When I started this blog, my primary concern was the discrimination against LGBT kids which is still continuing on BBC programmes and message boards. But several other questions have arisen.

There was the age discrimination on Newsround's feedback webpages. I wrote to the BBC on 11 September 2007, about this and other diversity issues. Eventually, on 11 October 2007 I received a response from BBC Information which was unsatisfactory (see blog dated 1 November 2007)

A submission to Ofcom last December went into some of these diversity issues, and it seems that the webpage age discrimination policy was subsequently abandoned shortly after Christmas, on 11 January 2008. Try as I might, the BBC have not explained why the policy was implemented, by whom, and whether there will be an apology to 14 and 15 year olds who, for over a year, wasted their time and possibly money emailing or texting Newsround, with the assumption that their contributions would be valued and welcome.

CBBC continues discrimination in other ways - Newsround contributors, including press packers are nearly always under 13 and have their age shown on screen, which is not usually the case for those aged 13 or over.
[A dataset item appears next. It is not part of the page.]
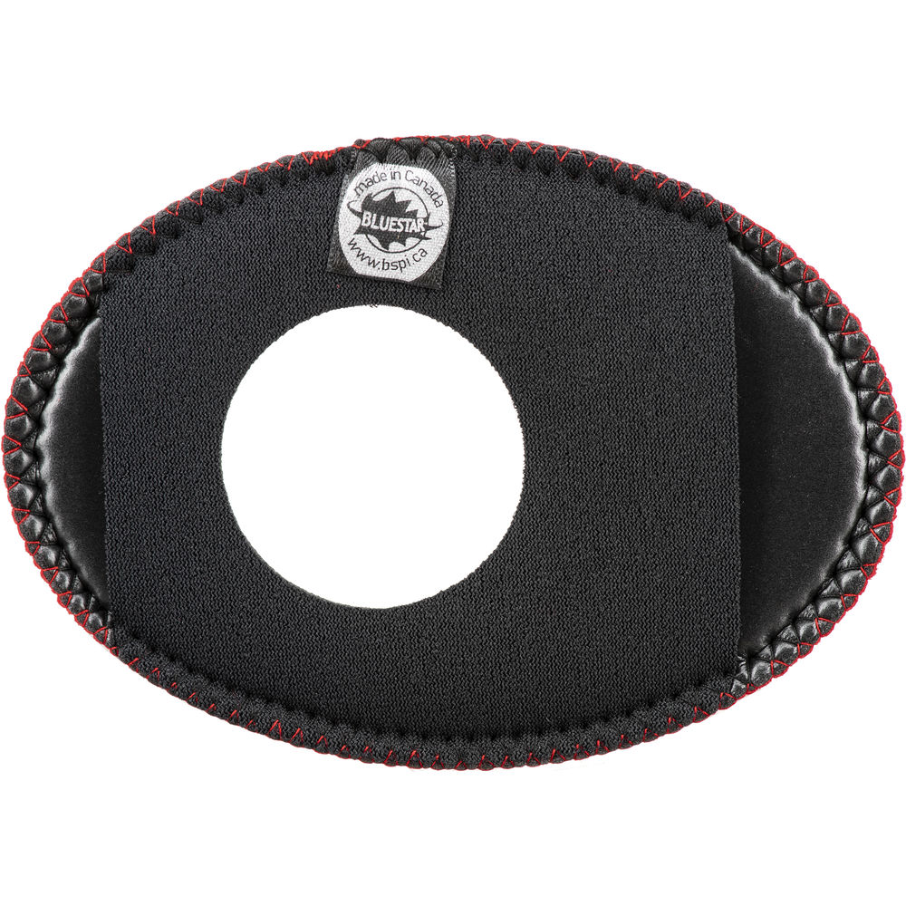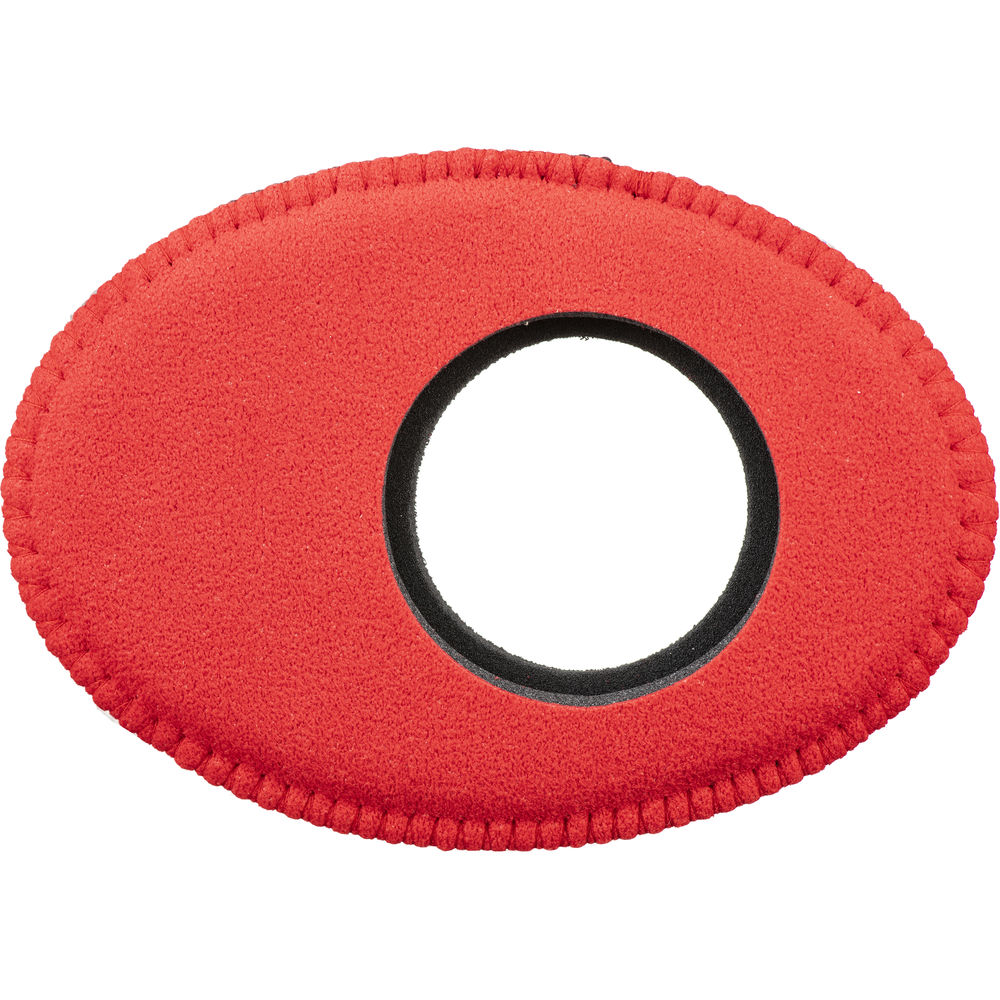 The Oval Extra-Large Viewfinder Eyecushion in red Ultrasuede, from Bluestar, features outside dimensions of 5.1 x 3.6" to securely fit over many common external and built-in viewfinders. These include the Alphatron, the Kamerar QV-1, VF-4, and VF-4+ EVFs, the MagView 3:2, 4:3, and 16:9 EVFs, those of the Canon C100, C200, C300, C500, XF300, XF305, and XF205 HD cameras, the EVFs of the Sony FS5, HVR-S270, HXR-NX100, and PXW-Z150 cameras, and many more. This Ultrasuede version is made of 100% non-woven material consisting of intertwined, brushed, ultra-fine fiber strands. It provides a high level of softness and a superior moisture absorption rate, and it can be used in any climate.
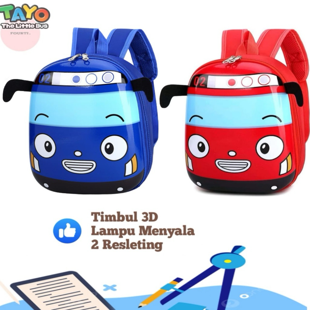 Tas Tayo anak PAUD Timbul 3D Menyala Laki Laki Backpack Tayo

Why does Newsround see the need to display anyone's age? And then there's the question of being inclusive of LGBT issues. Why is that discrimination continuing?

A BBC4 series last year, Children's TV on Trial, discussed kids' programmes from the past 50 years. "80's kids were growing up fast," said the narrator, "and children's television had to keep up."

Eric Rowan, Producer of John Craven's Newsround said: "We felt that the world of children was changing in all sorts of ways and the world of television was changing in all sorts of ways, and we better do something about ourselves and make a few changes in the way we were making programmes. To open things up a little bit; to try and do a few new things in order to provide a service that was useful to kids." Eric was also responsible for The Lowdown, an 80's Panorama-style series dealing with issues relevant to kids, but not treating them in a patronising way. Anna Home, BBC Head of Children's Programmes (1986-1997) said: "The Lowdown was a really important series because it was a proper documentary series for kids which took the subjects and the audience very seriously and explored some really difficult subjects, and I think was of a very high quality."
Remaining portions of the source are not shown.